While Radi conceded that the transport sector would be affected by the increase, he asserted that fare jumps for mass transportation wouldn’t exceed 6 percent. Radi also pointed out that drivers affected by the move would be compensated by last month’s concurrent reductions in custom tariffs on a variety of vehicles (see story, page 37).

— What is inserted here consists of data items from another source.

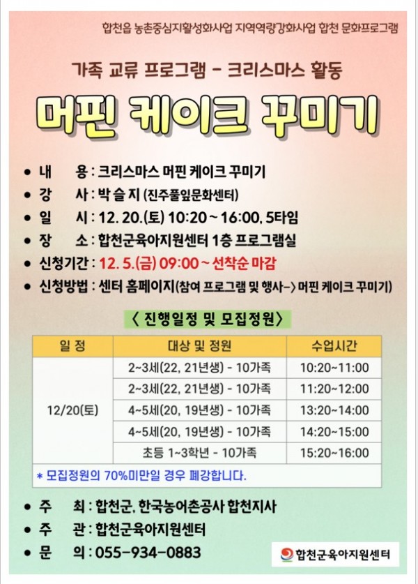 | 교육대상 | 관내 2~3세(22~21년생) | 교육정원 | 10명 | ||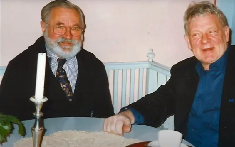 Bild från filmen där ordförande Georg Ramqvist i Kumla herrgårds bygdegårdsförening samtalar med Börje Ahlstedt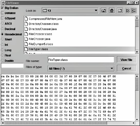 When the user presses the View File button, the mode panel is read to determine exactly how the file is to be interpreted. These parameters and the selected file are fed to the static FileDumper5.dumpFile( ) method from Chapter 12.

But while government officials insisted the decision wouldn’t dramatically affect the cost of goods or transport, bus and microbus fares immediately jumped by as much as 100 percent in some places. In Luxor and Aswan, bus fares rose 50 percent, reportedly leading to a crackdown on price-jackers by the ministries of interior and local development. In some Delta governorates, meanwhile, microbus fares jumped 100 percent for long-distance trips and 50 percent for short ones. “I used to pay £E 1.5 from Kanater to Banha, but all the microbus drivers told us the fare’s now £E 3, and that those who don’t like it can get out,” said Mahrous El Sayyed, who does his military service in Banha.

In Cairo, though, microbus drivers have been more reluctant to raise fares, fearing as-yet-unclear penalties. “I wanted to raise the fare by at least 25 percent to cover my costs, but if I do this now, I’ll be imprisoned,” said one driver in Tahrir Square. “But if we don’t modify fares, some of us will look for other jobs.”

It’s not only drivers making dire predictions, though. Many farmers in Upper Egypt and the Delta have warned that agricultural production could fall as a result of the diesel increase, as they will be forced to pay more for both irrigation and transportation. “The government should encourage us to increase our production instead of introducing more impediments,” complained Abdou Hussein, a farmer from Kalioubiya. “I suspect they’ll regret the decision when – after a short time – they notice the shortage in agricultural produce.”

There is also fear that, gradually, the cost increase will trickle down to the average consumer, already frustrated by rising commodity costs since last year’s controlled currency flotation. Wafd MP Mounir Fakhri Abdel Nour told Business Monthly that the new move, while saving the state some £E 1.2 billion in the current fiscal year, would inevitably raise production costs, and that the prices of many products could be expected to increase further.

Mona el Baradei, professor of economics at Cairo University, agreed, saying the increase would serve to raise commodity prices, even of products not directly reliant on oil. “If there’s an increase in oil prices, this will lead to a chain of increases... that will affect the cost of living,” she said. “Any trader will feel the cost of living increase and will increase prices.”

Recognizing the potential for popular disturbances, the government announced shortly after the announcement that bakeries producing strategically vital baladi bread would be exempted from the decision and continue to receive their fuel quotas at £E 0.40 a liter.